Task goal: Could you transcribe the entries below exactly, starting at the line that contains "- 21.5m3/min寬域爆吸攏煙,油煙0逃逸" and stopping at the last line, without any pictures?

Records to process:
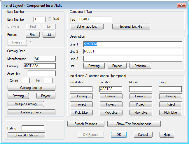 The component may already have an Item Number assigned. If AutoCAD Electrical finds a component with the same catalog information, it automatically assigns the same item number to this new component. If no item number is assigned, and you think a matching component exists, use one of the Find buttons to look through the drawing or project. If no matching component is found, click Next to assign an item number to this footprint. This button updates each time you insert a footprint and assign an item number. This item or detail number is used for BOM and component reporting and can be referenced by optional balloon labels tied to the footprint. If you do not want the item number to change if Resequence Item Numbers is run later on, check fixed next to the item number.
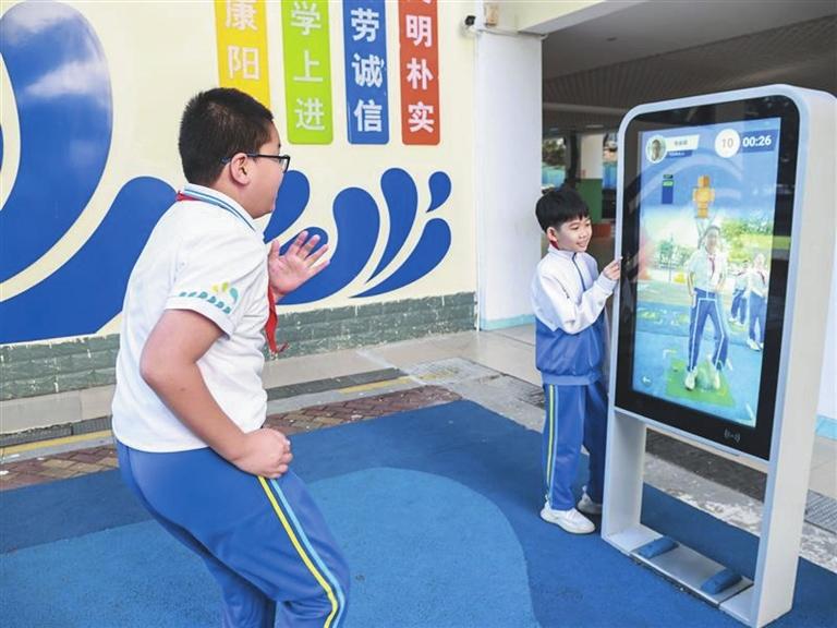 学生通过AI体育锻炼屏进行锻炼。(资料图片)记者陈聪聪摄
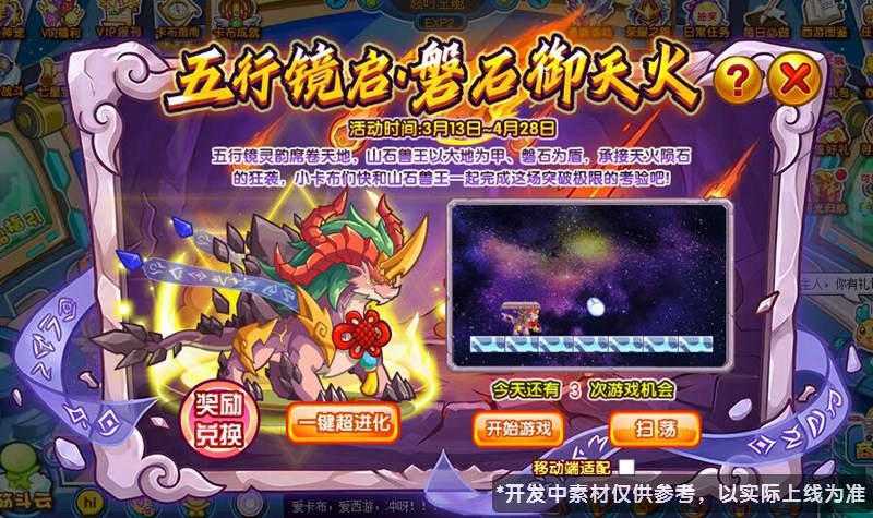五行镜灵韵席卷天地,山石兽王以大地为甲、磐石为盾,承接天火陨石的狂袭,小卡布们快和山石兽王一起完成这场突破极限的考验吧!
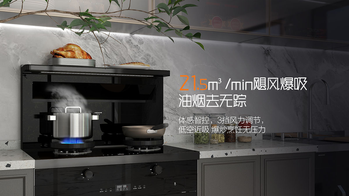 - 21.5m3/min寬域爆吸攏煙,油煙0逃逸
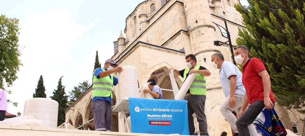 Antalya Büyükşehir Belediyesi, pandemi nedeniyle sosyal mesafe kuralları çerçevesinde cami avluları, okul bahçeleri ve kapalı pazar alanlarında kılınan Cuma Namazı öncesinde 19 ilçede vatandaşlara 100 bin tek kullanımlık seccade dağıttı.

Task result:
 - 21.5m3/min寬域爆吸攏煙,油煙0逃逸
 Antalya Büyükşehir Belediyesi, pandemi nedeniyle sosyal mesafe kuralları çerçevesinde cami avluları, okul bahçeleri ve kapalı pazar alanlarında kılınan Cuma Namazı öncesinde 19 ilçede vatandaşlara 100 bin tek kullanımlık seccade dağıttı.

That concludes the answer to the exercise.